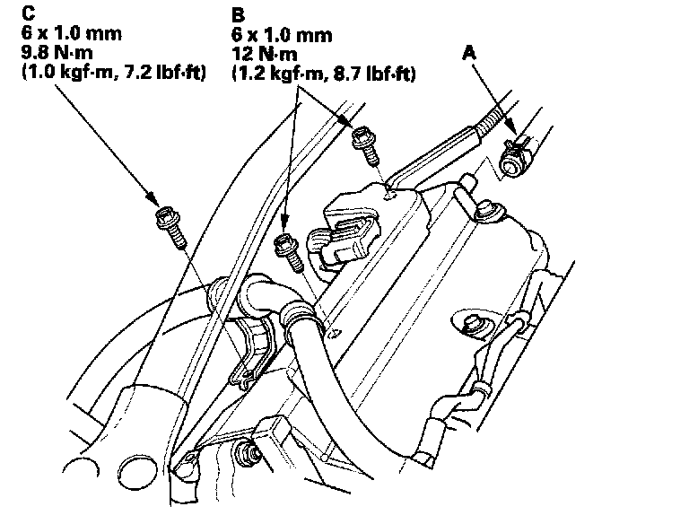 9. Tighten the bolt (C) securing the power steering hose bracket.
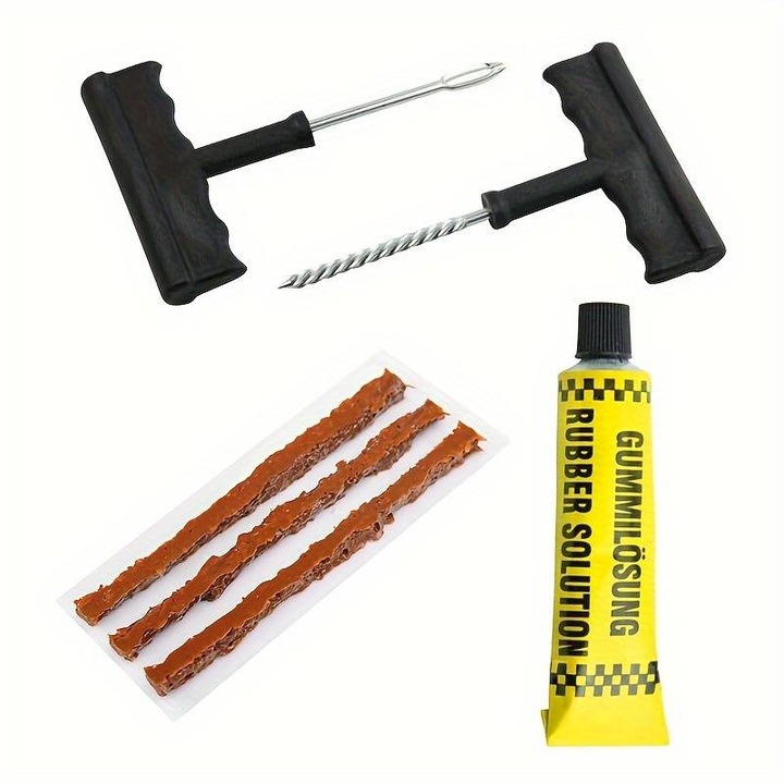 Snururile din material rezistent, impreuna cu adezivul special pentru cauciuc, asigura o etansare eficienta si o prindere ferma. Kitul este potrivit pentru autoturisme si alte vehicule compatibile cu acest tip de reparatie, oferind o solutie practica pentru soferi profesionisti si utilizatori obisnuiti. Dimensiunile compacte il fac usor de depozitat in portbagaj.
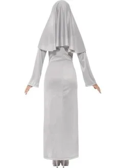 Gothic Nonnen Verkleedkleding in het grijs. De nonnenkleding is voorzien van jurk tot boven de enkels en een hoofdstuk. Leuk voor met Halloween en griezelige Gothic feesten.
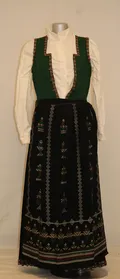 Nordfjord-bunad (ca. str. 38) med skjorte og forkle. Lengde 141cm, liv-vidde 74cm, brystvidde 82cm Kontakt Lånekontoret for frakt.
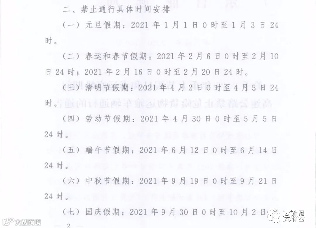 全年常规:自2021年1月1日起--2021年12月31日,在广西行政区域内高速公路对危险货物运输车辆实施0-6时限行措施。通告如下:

· · ·

_Exercise aim_. Extract the entries in full, exactly as they are, minus the pictures.

_Completed task_.
 9. Tighten the bolt (C) securing the power steering hose bracket.
 Snururile din material rezistent, impreuna cu adezivul special pentru cauciuc, asigura o etansare eficienta si o prindere ferma. Kitul este potrivit pentru autoturisme si alte vehicule compatibile cu acest tip de reparatie, oferind o solutie practica pentru soferi profesionisti si utilizatori obisnuiti. Dimensiunile compacte il fac usor de depozitat in portbagaj.
 Gothic Nonnen Verkleedkleding in het grijs. De nonnenkleding is voorzien van jurk tot boven de enkels en een hoofdstuk. Leuk voor met Halloween en griezelige Gothic feesten.
 Nordfjord-bunad (ca. str. 38) med skjorte og forkle. Lengde 141cm, liv-vidde 74cm, brystvidde 82cm Kontakt Lånekontoret for frakt.
 全年常规:自2021年1月1日起--2021年12月31日,在广西行政区域内高速公路对危险货物运输车辆实施0-6时限行措施。通告如下:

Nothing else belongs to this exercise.